2.  **Soft Match Score:** A weighted metric providing a partial credit (0.5) for "near-miss" errors (specifically cases involving the `0.1` relevance class), while penalizing binary flips between `0` and `1`.

### **1. Component Impact (Ablation Study)**
A series of experiments was conducted using **Trinity-Large** and **Nemotron-3-Nano** to evaluate the incremental value of each architectural component.
*   **Baseline vs. RAG/Search:** For both models, we observed a consistent upward trend in performance. Adding RAG and Web Search capabilities improved accuracy by **~15-20%** compared to the Zero-shot baseline.
*   **Agentic Workflow (Full):** The "Full" configuration (System Prompts + RAG + Search + Reflection) yielded the highest scores for these models, peaking at **0.70 Accuracy** for Nemotron-3-Nano.

![Evaluation Results](https://raw.githubusercontent.com/petrovortex/dls-homework-sem-2/main/img/trinity.png)

![Evaluation Results](https://raw.githubusercontent.com/petrovortex/dls-homework-sem-2/main/img/nemotron.png)

### **2. Scaling & Model Architecture**
The impact of model scale and reasoning capabilities was analyzed across different architectures:
*   **GLM-4.5-Air:** Demonstrated the highest overall performance with **0.85 Accuracy**. While significantly more accurate, it introduced a latency trade-off, with an average response time of **~30s**.
*   **Reasoning Model (DeepSeek-R1):** Despite its reasoning capabilities, DeepSeek-R1 showed lower performance in this specific task.
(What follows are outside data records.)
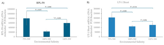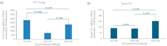 The quantitative PCR for the RPL-P0 control gene showed a significant difference between fish acclimated to 100% SW and 120% SW, although the 75% SW-acclimated group was also elevated compared to the animals in the normal SW (100%) group (see Figure 3). This suggests that the animals are significantly stressed by the osmotic environment, and that is causing upregulation in the protein synthesis machinery (RPL-P0 is a ribosomal protein). Similar trends were seen with UT-1 long and short, but only the difference between the 75% and 100% SW animals for UT-1 long was statistically significant. The Brain UT results were somewhat different, with only the 120% SW group elevated a lot compared to the 100% group, but this was not a statistically significant increase. The other interesting feature of the results was the approximate number of transcripts per PCR reaction. The levels for UT-1 short were around 100× greater than that for UT-1 long, which were again around 10× the level for Brain UT. This may explain why, in the original study of isolating the dogfish UT-1 cDNA, only UT-1 short was discovered [5].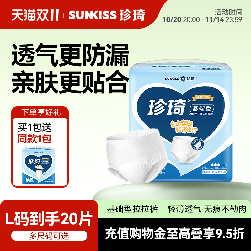 珍琦成人拉拉裤基础型ML大码男女士内裤式纸尿裤老年人专用尿不湿
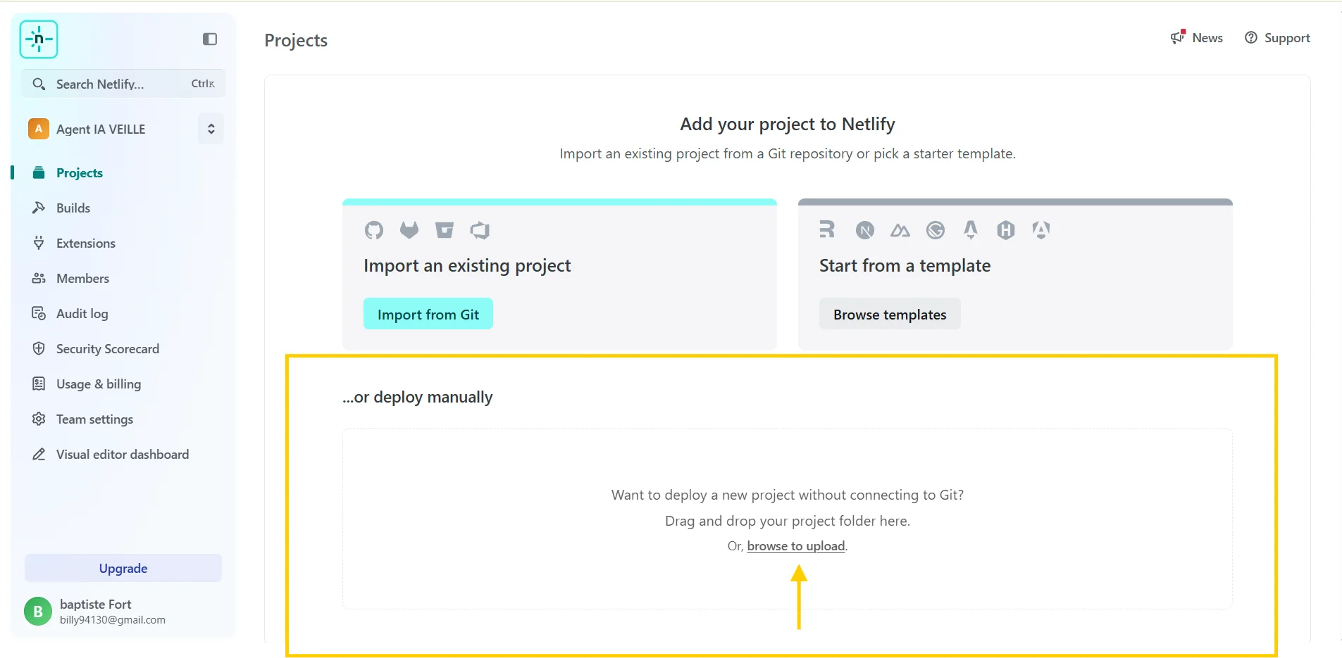 On va utiliser Netlify (gratuit, rapide, aucun code).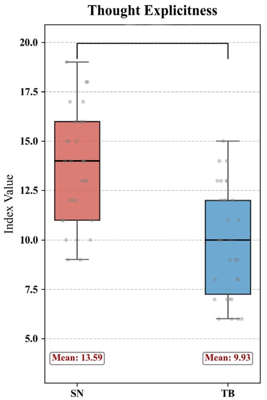 - For the TB group: Through experimental recording transcription, sketch annotation text, and retrospective interview records, “clearly categorizable design concepts + corresponding logical explanations” are extracted as effective cognitive units. Two independent coders identified these units following the same “logical closed-loop” standard as the SN group.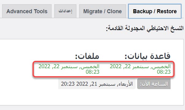 بعد تحديد كل كم من الوقت سيتم إنشاء نسخة احتياطية من ملفات موقع الويب وقاعدة بيانات الموقع وعدد النسخ التي سيتم الاحتفاظ بها، يجب ألا تنسى النقر على زر (حفظ التغييرات) الموجودة أسفل الصفحة والتأكد من أنه تمت جدولة النسخ الاحتياطي عن طريق الرجوع إلى تبويب (Backup / Restore) ومعرفة موعد النسخ الاحتياطي المقرر التالي.
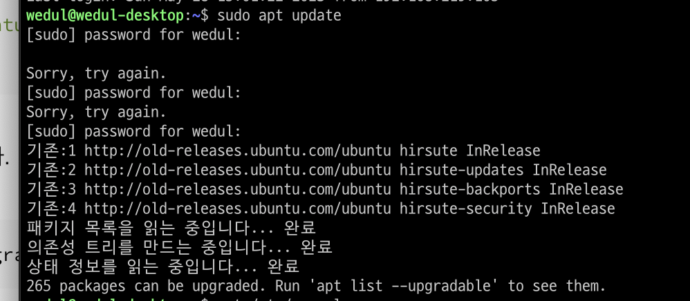 그럼 /etc/apt/sources.list를 수정하고 다시 시도해보자.

It exhibited high latency (**88s avg.**) and frequently **struggled with JSON schema** enforcement, leading to validation errors.
*   **Small Model (GPT-5-Nano):** Showed limited utility for this complex relevance estimation task, significantly underperforming compared to mid-sized alternatives.

![Evaluation Results](https://raw.githubusercontent.com/petrovortex/dls-homework-sem-2/main/img/all_full.png)

![Evaluation Results](https://raw.githubusercontent.com/petrovortex/dls-homework-sem-2/main/img/info.png)

### **3. Experimental Constraints**
*   **Sample Size:** It is important to note that due to latency and rate limits, experiments for **DeepSeek-R1** and **GPT-5-Nano** were conducted on a smaller subset of the validation data.
*   **Operational Factors:** Average durations may have been influenced by fluctuating network stability and API response variability during the evaluation process.

### **4. Potential Enhancements: Programmatic Prompt Optimization**
A planned next step for this project is to migrate the agent logic to the DSPy framework.

**Objective**: To move away from manual prompts.

According to DSPy's documentation, the system can automatically generate more robust instructions and few-shot examples by learning directly from failure patterns identified in the training dataset.

This would allow for a rigorous comparison between human-engineered system prompts and those optimized by DSPy's compiler, potentially leading to higher performance and better generalization across different model scales.